While the IPFT resorted to road blockade, the BJP gheraoed the residence of chief minister. State Governor Tathagatha Roy brokered between the IPFT and the RSS-BJP leadership. On January 5, 2018, IPFT leadership met Prime Minister Modi and Home Minister Rajnath Singh. IPFT leadership told the press that both the prime minister and the home minister considered their demand for Tuipraland. After making formal electoral alliance with the BJP, the IPFT leadership, in the election campaign, made Tuipraland as their main issue and pasted posters of Autonomous District Council as ‘Tuipraland’. It was the IPFT that violently attacked the people, the GMP workers on September 19, 2017 as they were coming to Agartala to join the central rally. They injured more than 100 GMP workers and supporters including women.

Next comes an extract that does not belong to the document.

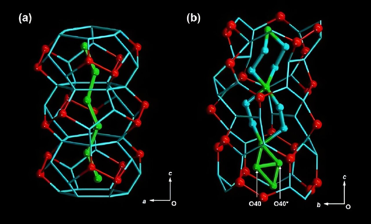 The left image shows a crystal structure of dynamic water molecule cluster like liquid at −20 °C in the supercooled water state revealed previously by X-ray structural analysis. The right image shows the crystal structure of water/ice molecule clusters at –90 ˚C in the premelting state. Red spheres indicate water regularly hydrogen-bonded to the oxygen atoms on the pore wall surface. Credit: Professor Makoto Tadokoro / Tokyo University of Science, Japan. DOI: 10.1021/jacs.5c04573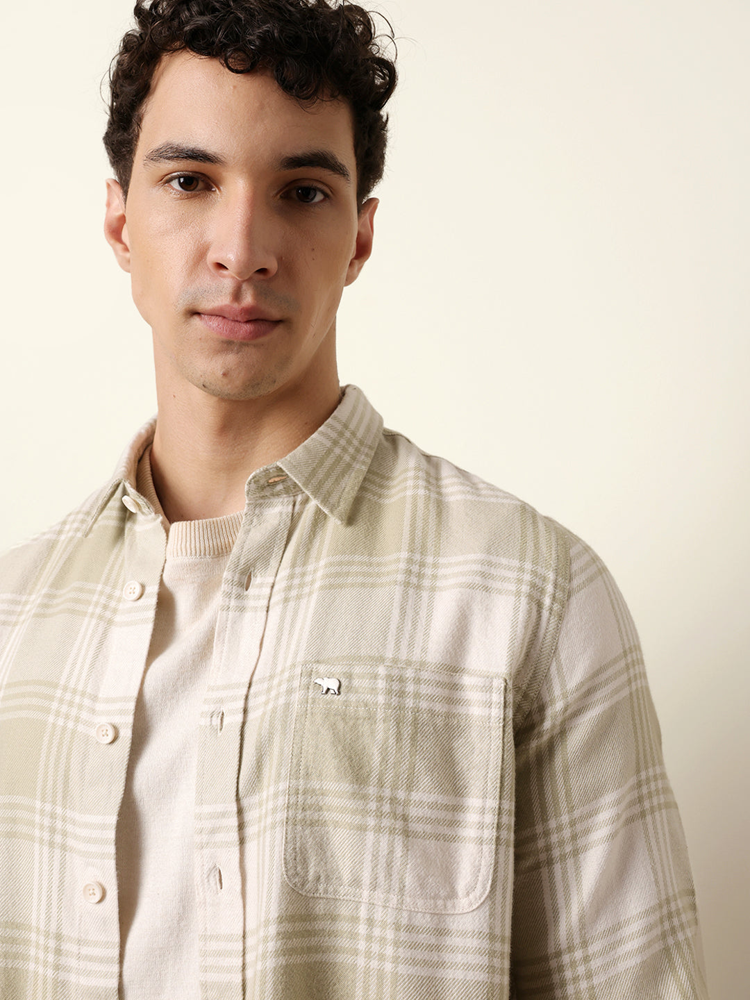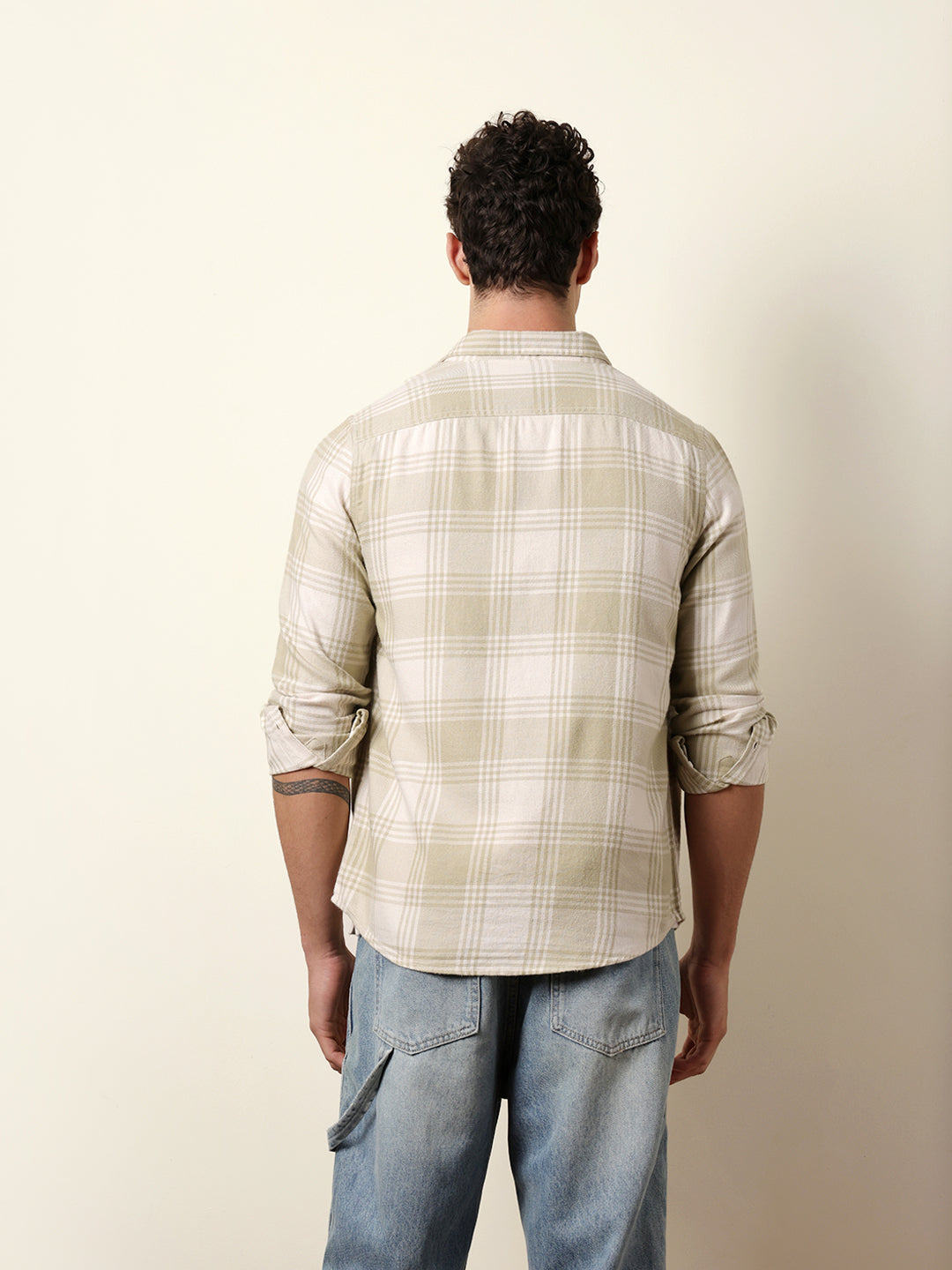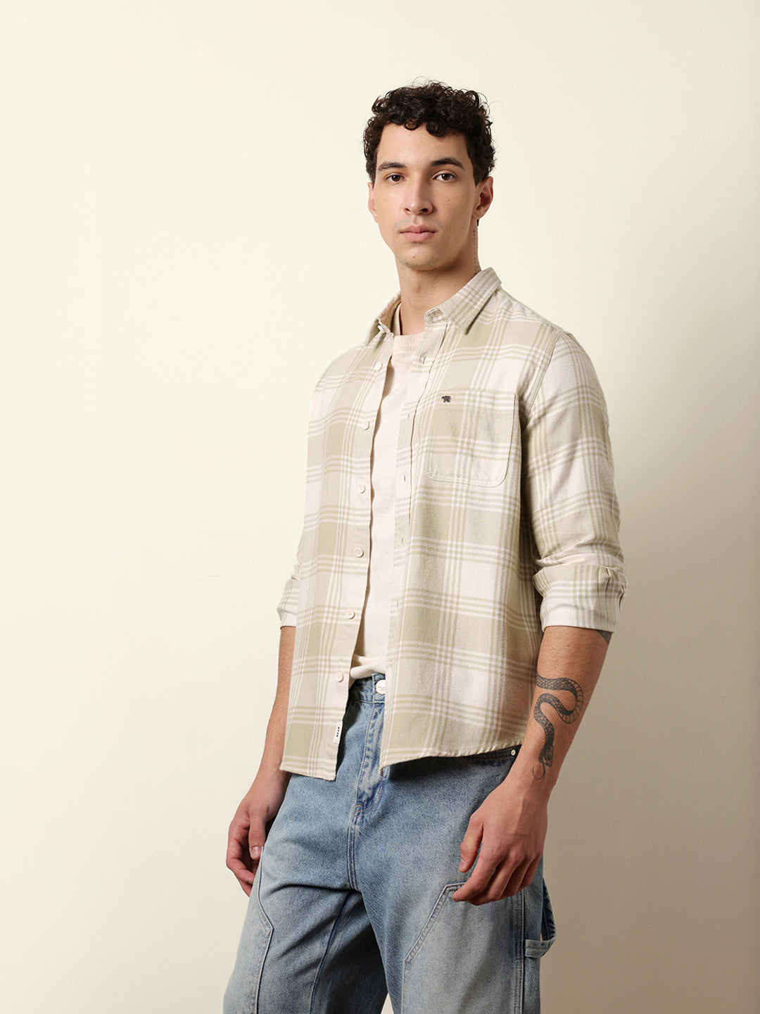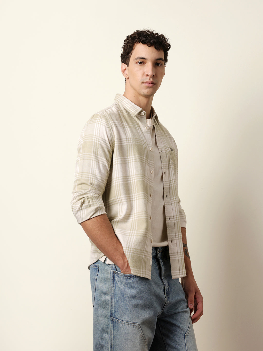 Green & Cream Tartan Check Flannel Regular Fit Casual Shirt

During the election campaign, the IPFT terrorised people in several GMP strongholds and asked the voters not to vote for CPI(M) candidates. Playing identity politics, the  BJP, RSS and the IPFT could create a strong emotion among a good section of tribals including student, youth and government employees and officers, doctors, engineers etc. IPFT could make some inroads into the CPI(M) tribal bases with this emotional slogan. They made them believe that it is BJP who created smaller states like Chhattisgarh, Jharkhand, Uttaranchal etc. So regarding Tuipraland they will keep their promise. But during the election campaign, the prime minister, home minister and central and state BJP leaders were completely silent on Tuipraland issue. This tactic they adopted keeping in mind the non-tribal voters.

In the month of December 2017, RSS chief visited Tripura and stayed for five days. During his long stay in the state, he met different Hindu religious leaders separately. He motivated them so that their followers vote for the BJP led front. For the last three and half years, RSS workers regularly used to visit different temples and paid huge money. They used to distribute RSS membership forms. ‘Gita’ was freely distributed particularly among women who used to visit temples.

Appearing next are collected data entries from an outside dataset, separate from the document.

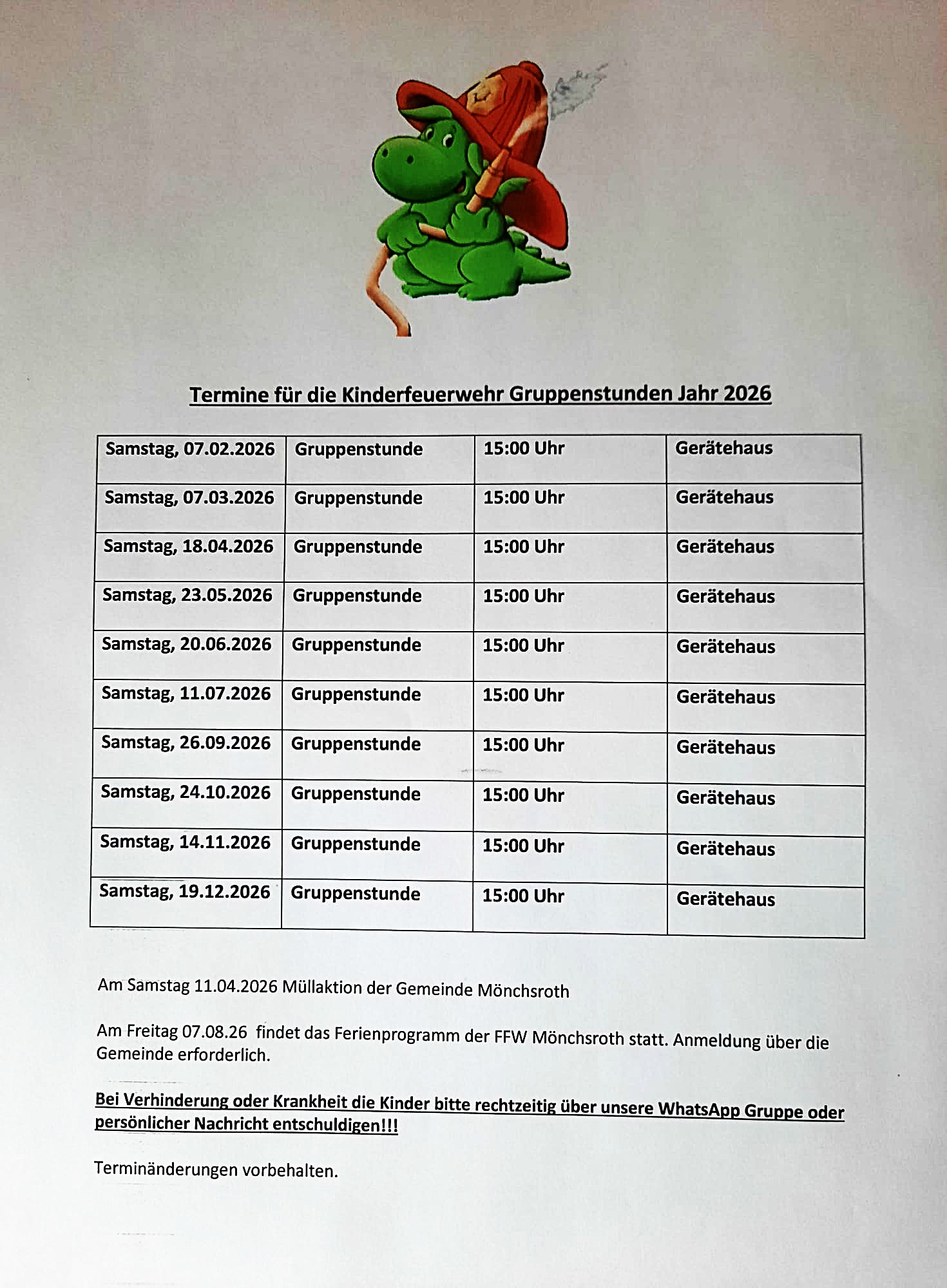 Übungspläne Aktive Wehr , Jugendfeuerwehr und Kinderfeuerwehr, Ausfahrplan für Probefahrten 2026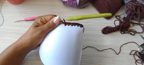 - Join yarn at bottom corner of crochet cup.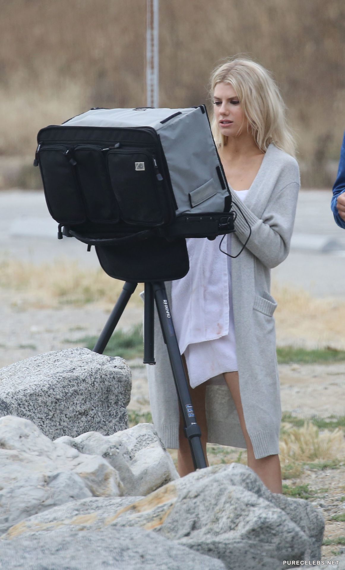 American model Charlotte McKinney recently took part in a beach photo shoot and flashed her naked boobs. Hot blonde posed in a white sweater with black edging and a white hat, covering her gorgeous ass with a white towel. During the photo shoot, the girl decided to make a cut on her sweatshirt deeper, but overdone and her brown nipple jumped out of her clothes, and paparazzi, of course, managed to capture this moment.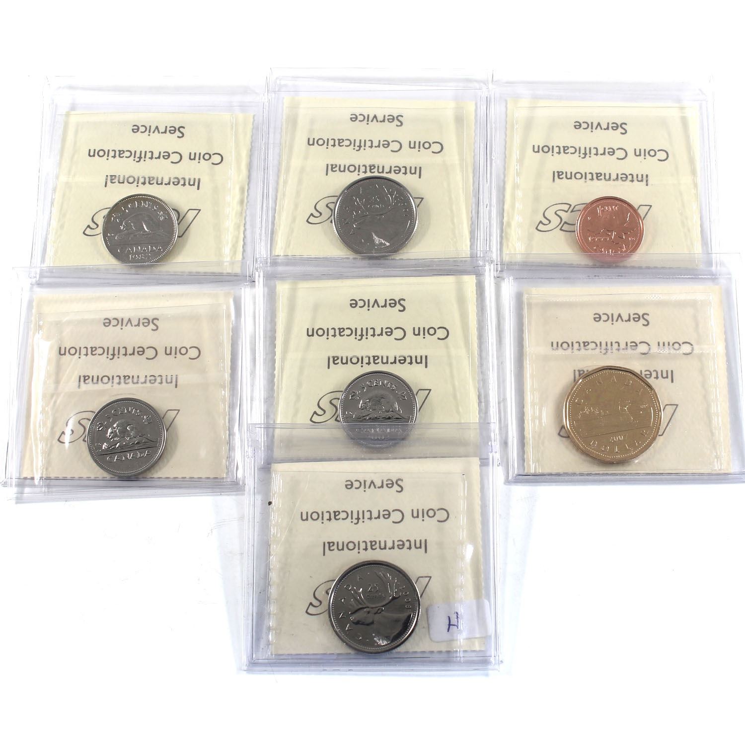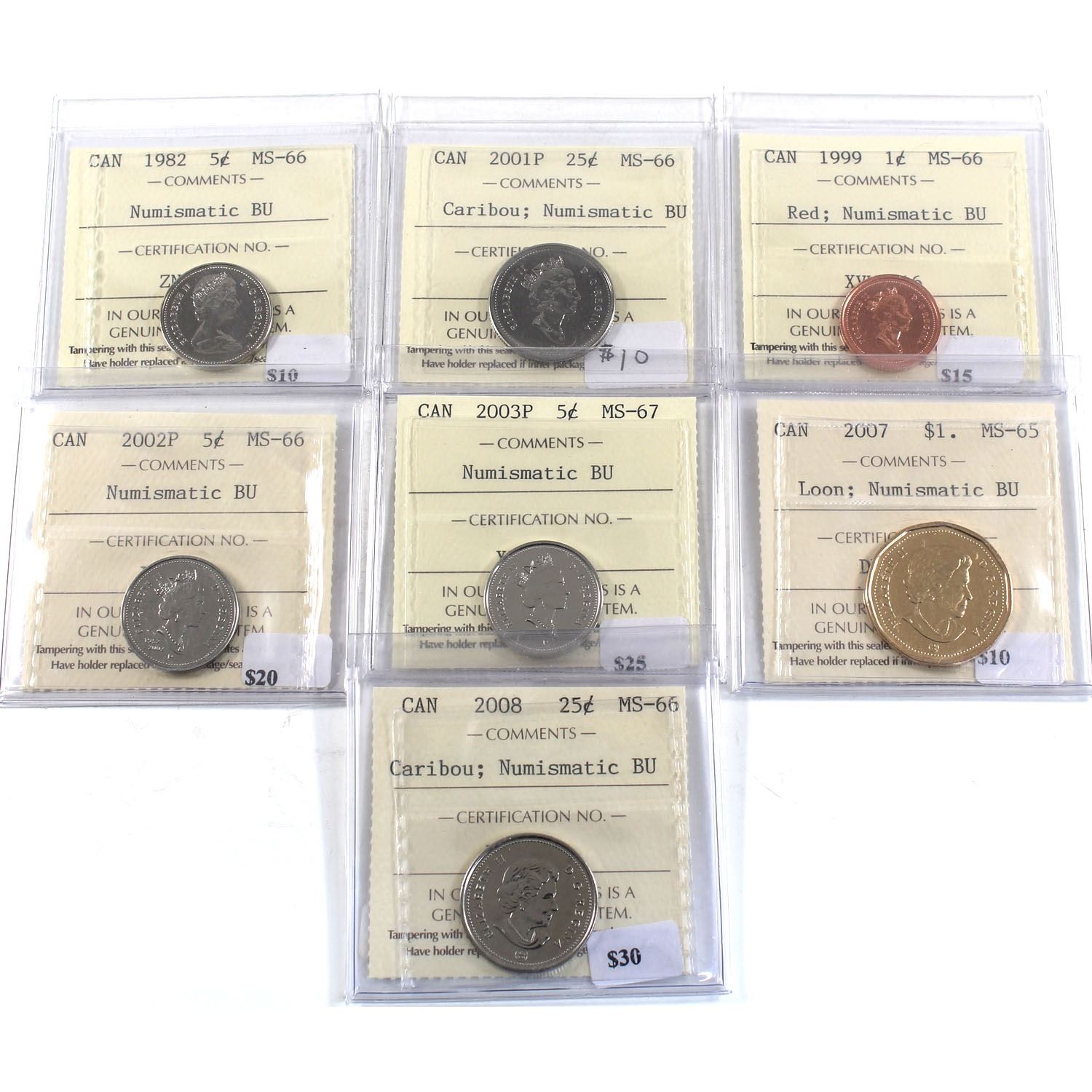 Lot Includes: 1982 5c MS-66, 2001P 25c MS-66, 1999 1c MS-66 RED, 2002P 5c MS-66, 2003P 5c MS-67, 2007 Loon MS-65, 2008 25c Caribou MS-66. All coins are NBU Strikes. 7pcs

BJP used social media meticulously. It collected phone numbers of substantial number of voters in each of the constituencies. From there IT cell centers, they engaged professional youth to frequently and secretly make contacts with selective voters by using mobile phones. Through these professionals, the BJP succeeded in motivating a good section of voters by paying them huge amounts of money.

Prime Minister Narendra Modi addressed four election rallies and in all the public meetings, Modi promised the government employees implementation of seventh pay commission awards, promised the social pension benefit holders to raise their pension amount from Rs 700 to Rs 2000. Modi promised the MGNREGA workers to raise their daily wages from Rs 184 to Rs 340. These allurements by the prime minister, his cabinet colleagues and chief minister’s of BJP ruled states those who had come to campaign, succeeded to a large extent to convince people, especially employees,  to vote for the BJP-IPFT combine which was evident in the postal ballot voting pattern.

Those who are 18 to 40 years old (who attained the right to vote in the last 25 years) have not seen any other government except the Left Front. Neoliberal economy has impacted a good section of youth which changed their behaviour. Consumerism is very much evident amongst them. Tripura is also no exception. BJP’s slogan of ‘Chalo Paltai’ (change the government) definitely had its impact among them. BJP has purchased almost all of the print and electronic media. In June 2017, BJP president Amit Shah visited Tripura and met selected owners of print and electronic media and told them that "you look after us, we will look after you." These media owners were paid huge amounts through advertisements. Selected journalists also were paid.

All these factors contributed to the defeat of the Left Front government in Tripura.